_Task description_: With pictures left out, output exactly the lines from the line holding "Примечание: Описание: Линейный" through the end of the data, both included.

_Supplied data_:
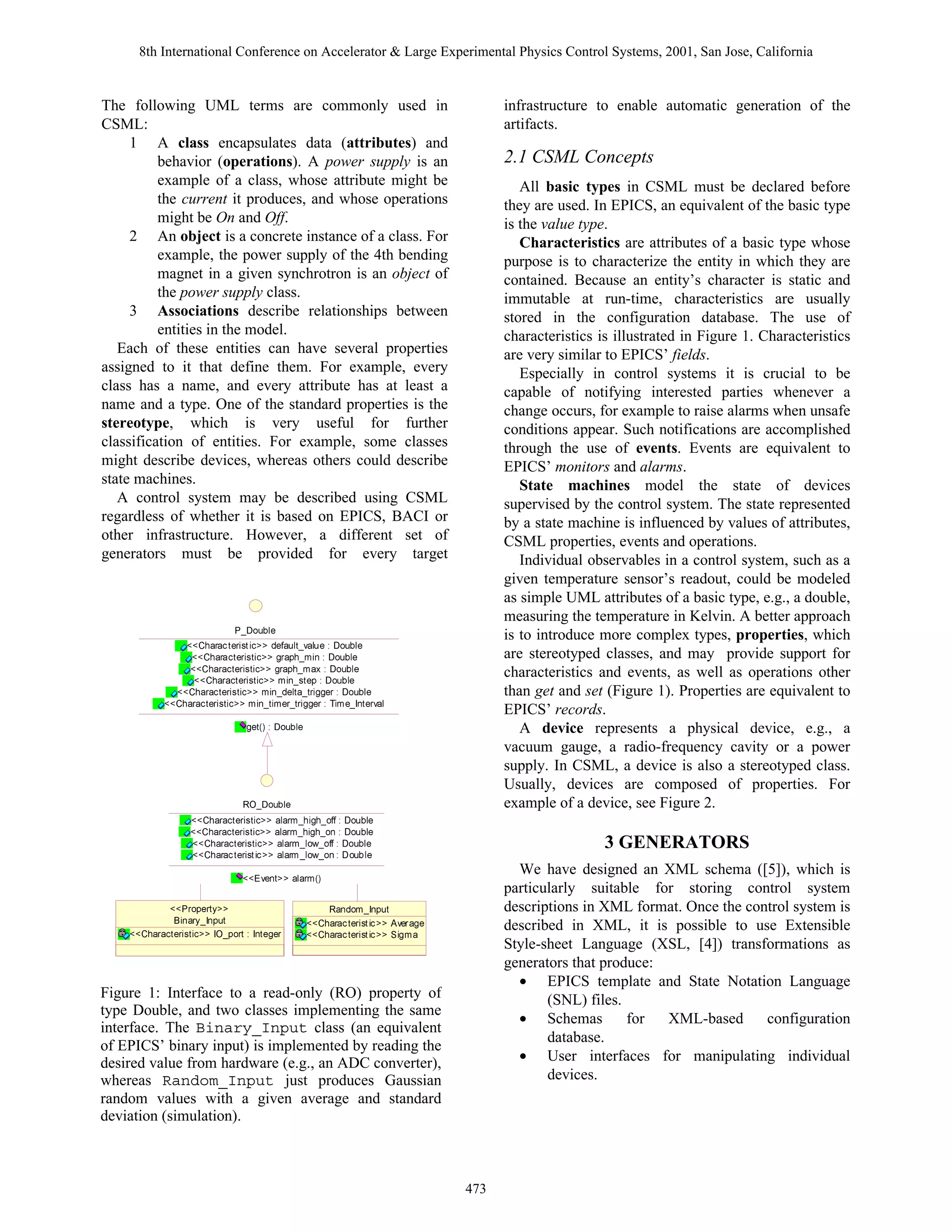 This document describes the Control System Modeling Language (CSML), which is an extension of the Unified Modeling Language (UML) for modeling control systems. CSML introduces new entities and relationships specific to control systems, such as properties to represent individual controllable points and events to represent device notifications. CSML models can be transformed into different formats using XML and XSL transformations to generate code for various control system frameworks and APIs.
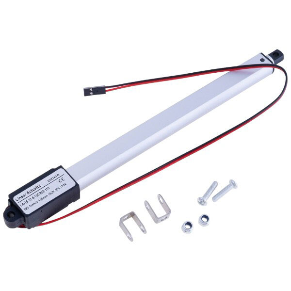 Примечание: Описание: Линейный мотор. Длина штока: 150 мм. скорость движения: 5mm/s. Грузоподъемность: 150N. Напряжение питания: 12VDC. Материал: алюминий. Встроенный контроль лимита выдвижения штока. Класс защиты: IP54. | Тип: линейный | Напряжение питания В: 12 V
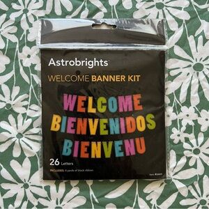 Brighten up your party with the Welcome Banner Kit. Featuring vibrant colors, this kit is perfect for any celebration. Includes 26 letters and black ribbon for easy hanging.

_Response for this exercise_:
 Примечание: Описание: Линейный мотор. Длина штока: 150 мм. скорость движения: 5mm/s. Грузоподъемность: 150N. Напряжение питания: 12VDC. Материал: алюминий. Встроенный контроль лимита выдвижения штока. Класс защиты: IP54. | Тип: линейный | Напряжение питания В: 12 V
 Brighten up your party with the Welcome Banner Kit. Featuring vibrant colors, this kit is perfect for any celebration. Includes 26 letters and black ribbon for easy hanging.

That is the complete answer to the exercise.